Within days of returning to 103 Gonville Road the news grew worse. It was Sunday 3rd. September. Our wireless had been on all morning and about 11:00am Prime Minister Neville Chamberlain announced that he had not received an answer from Herr Hitler demanding that he withdraw from Poland... 'and that therefore this country is at war with Germany'... I think it was Uncle Frank and Auntie Mary that were with us. We had just sat down to roast beef and Yorkshire pudding when the air raid siren went... We trooped down the garden to the Anderson shelter that I guess Dad had dug out and erected while I was away in Barford. It was just an exercise of course, but I remember being more than a bit of a wimp and not wanting to put on my rubber-smelling gas mask.
The next morning there were buses just 200 metres away outside my school. With rucksack on my back and with a lot of my school I boarded and we were off to East Croydon Station, then by train to Brighton. It was only 21 years since the last 'Great War' and the government had been preparing for the worst for a year or so. In Brighton I think Mr and Mrs Gillies had been asked beforehand, but in some cases children were toted from door to door to see who would take in evacuees. So, No: 64 Waldegrave Rd. was home for nearly a year for me and Syd Redding my neighbour at 101 Gonville Rd.. After a few days Mum and 3 year old Martin managed to be taken in by Mr. Gillies' mother next door to us. They stayed there for about three months but it was what was called the 'phony war' and they returned to Thornton Heath before Christmas.

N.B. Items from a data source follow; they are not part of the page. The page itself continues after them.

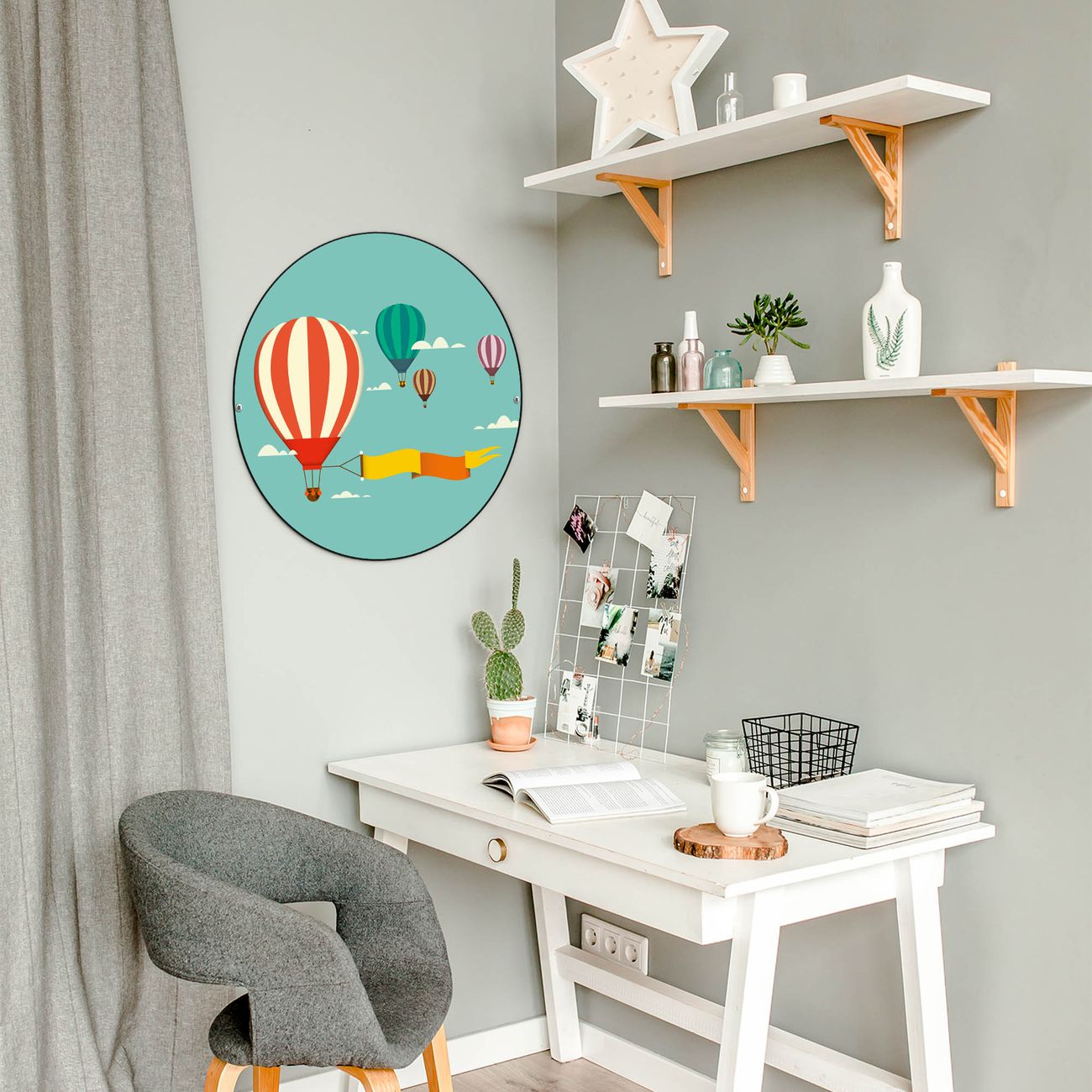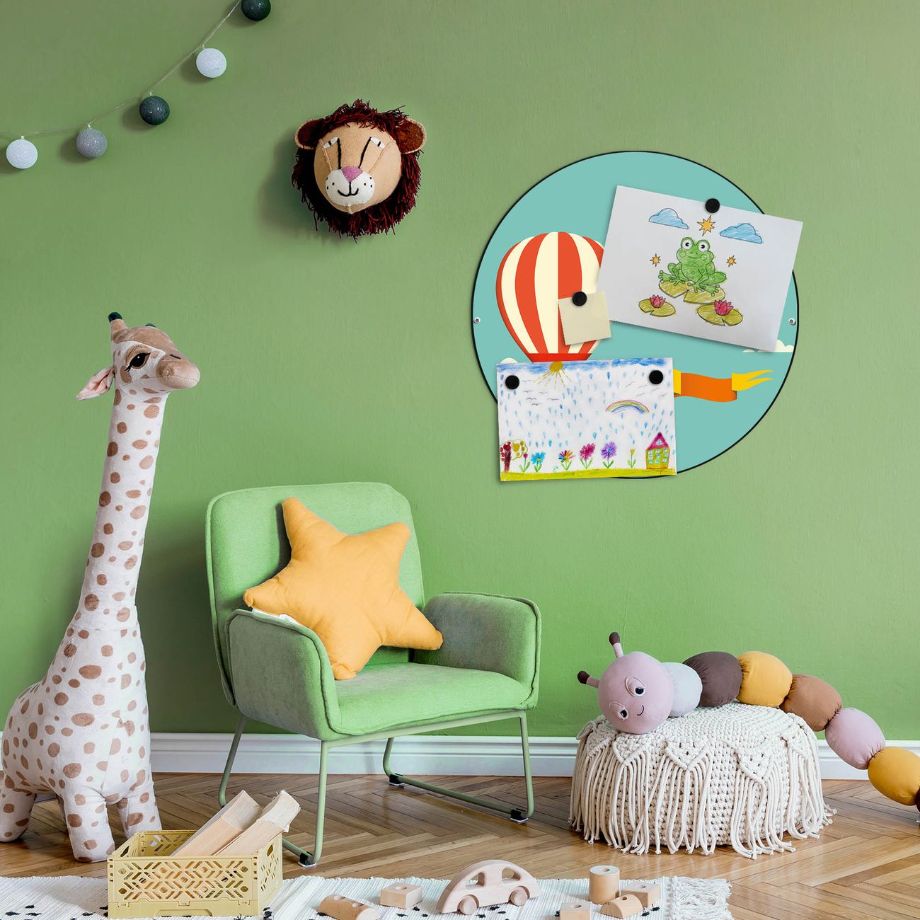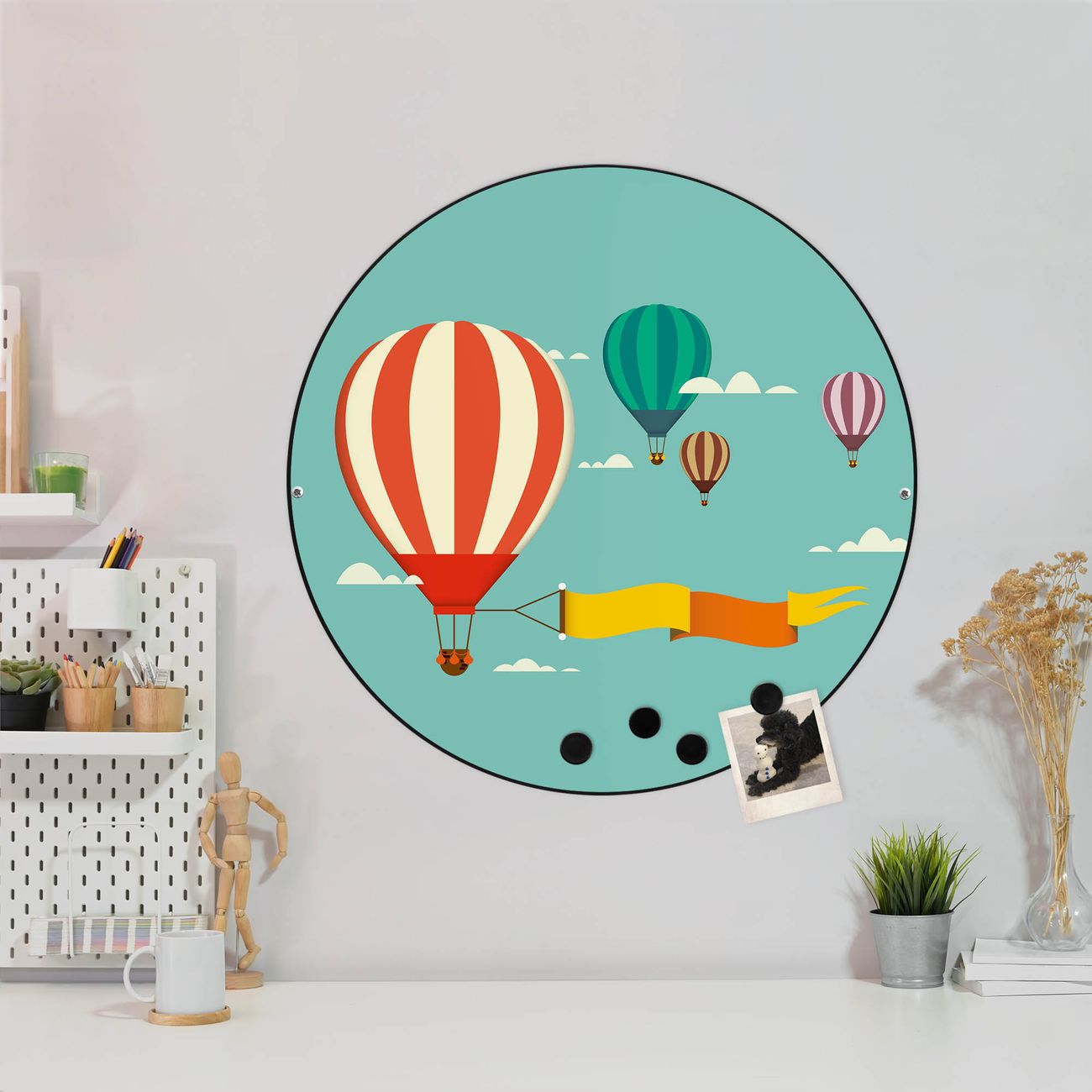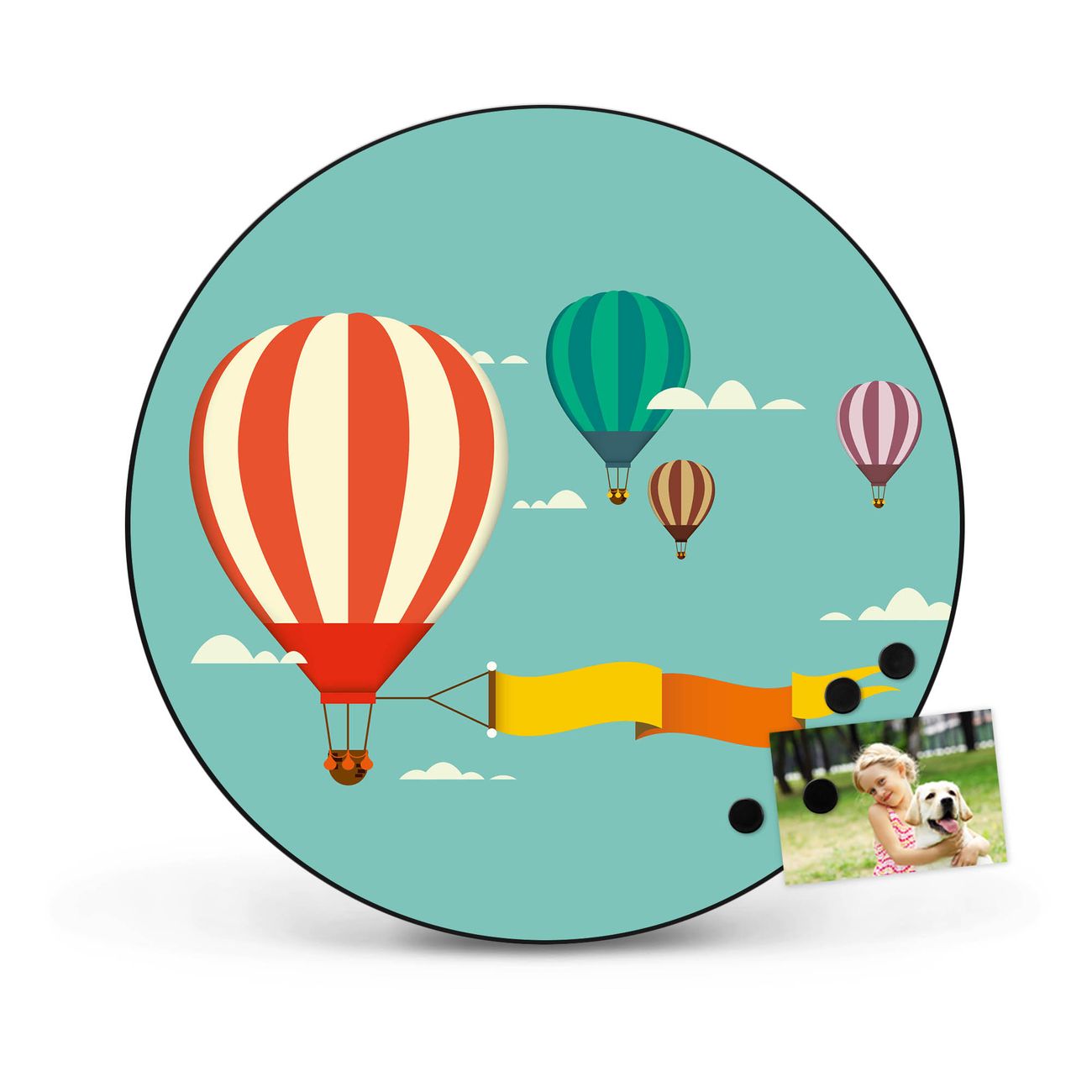 FUNKTION / DESIGN Die banjado Magnettafel mit dem Motiv Motiv Vier Ballons bringt Ordnung in Ihr Zettelchaos. Fotos, Termine, Notizen oder Rezepte lassen Sich hier stilvoll mit Magneten ordnen, Sie behalten alles im Blick. Die Design Magnetwand ist beschreibbar und wieder abwischbar. Mit dieser Pinnwand haben Sie auch ohne Notizen und Magneten ein schönes Dekoelement. Das Format bietet Ihnen ausreichend Platz um alle wichtigen Informationen im Blick zu behalten. DETAILS / NUTZEN Die magnetische Metall Pinnwand besteht aus schwarz lackiertem Stahl. Sie hat einen Durchmesser von 47cm. Es befinden sich an den Seiten zwei vorgefertigte Löcher die eine schnelle und unkomplizierte Anbringung ermöglichen. Das Motiv ist mit einem seidenmatten Laminat versehen und schützt so zusätzlich vor Kratzern. Es halten alle handelsüblichen Magneten daran. Wir sind ein kleines Team aus dem Herzen von Sachsen. Wir fertigen alle Artikel von Hand für Sie an, Sie erhalten keine preiswerte Importware. Auf Wunsch können Sie auch Ihr eigenes Foto auf die Magnettafel aufbringen, schreiben Sie uns an.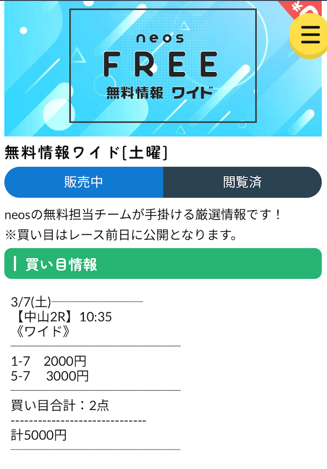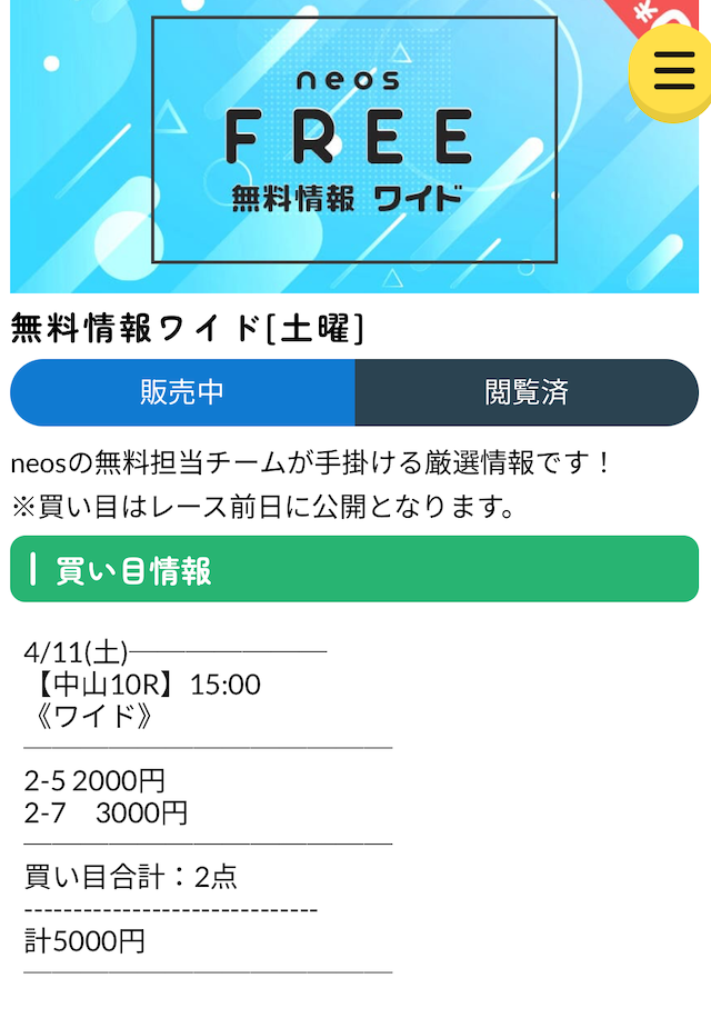 専属サポートから保証制度までしっかりと整っている!ユーザーを大切にしているのが伝わります。また、新規会員限定の「ネオスダービーチャレンジ」は絶対にやっておくべき!私は3等が当たりました。有料予想に割引価格で参加決定!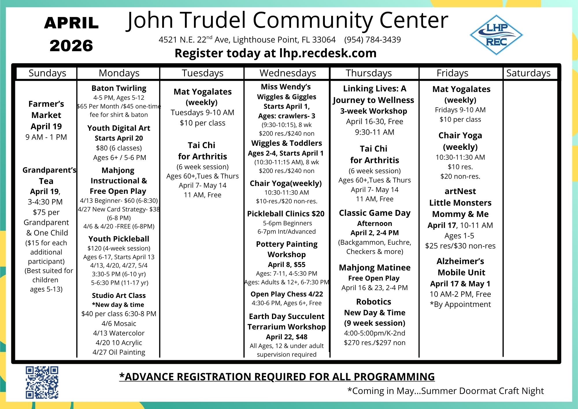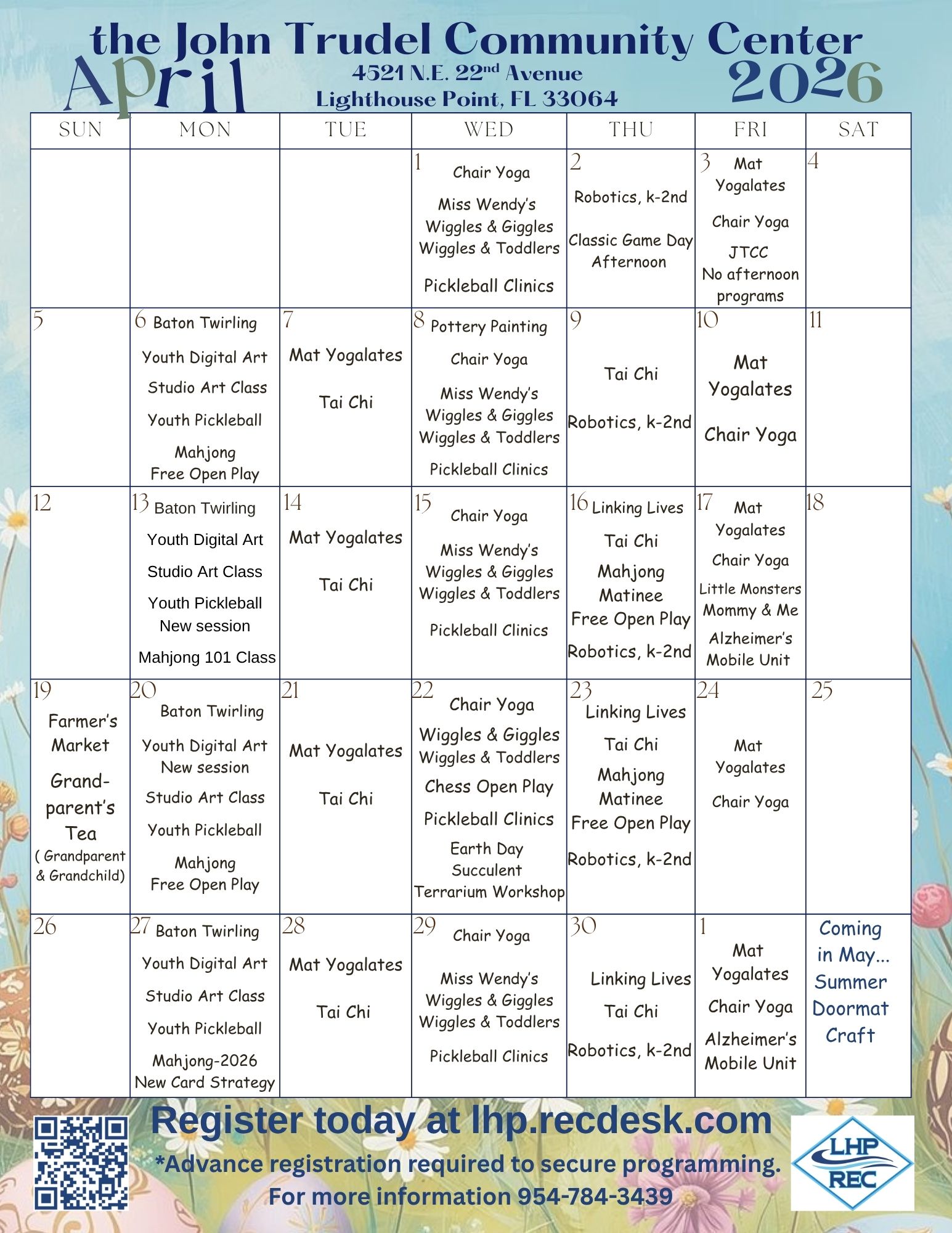 Mahjong April 2026 Mat Yogalates-Friday Linking Lives Grandparents Tea Apr 19 LHP Earth Day 2026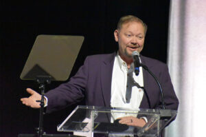 Serial founder Donald Hawkins speaks from the stage in the Grand Hall at Union Station during the 2025 Pipeline Innovators Gala; photo by Nikki Overfelt Chifalu, Startland News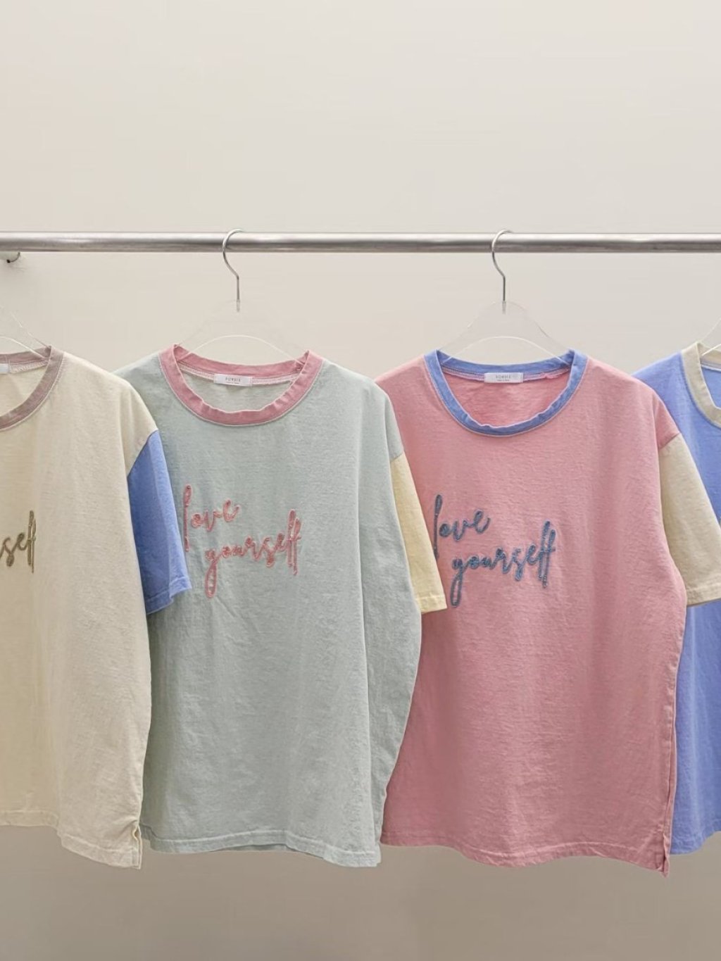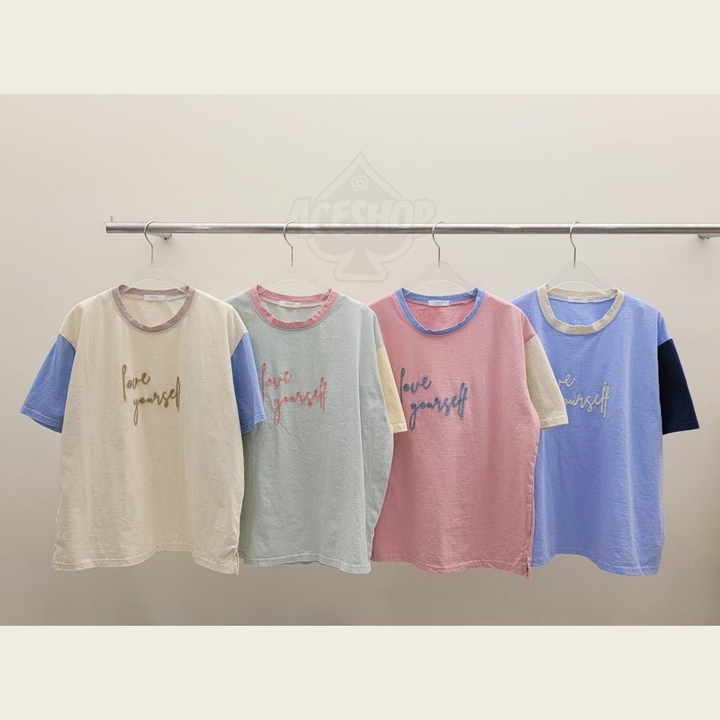 PR18 韓國 - POWDER撞色手袖繡線文字Top 長25吋、闊46吋 $149 杏、綠、粉、藍

Our school used the local Ditchling Rd. School, alternating with the locals kids mornings, or afternoons. On the free half days our teacher Mr. Wood used to take us to places of interest like the newspaper printing works, or on one occasion we bussed out to Lewes and, pick-a-back, we re-enacted the 1264 Battle of Lewes. Mr. Wood had just married that summer and he told us all about their honeymoon on Guernsey.
The Palace Pier was still open at some early stage and the amusements were popular. I remember making 4d. once at a 'ball into slot' machine. If you won you got your penny back and a free ball...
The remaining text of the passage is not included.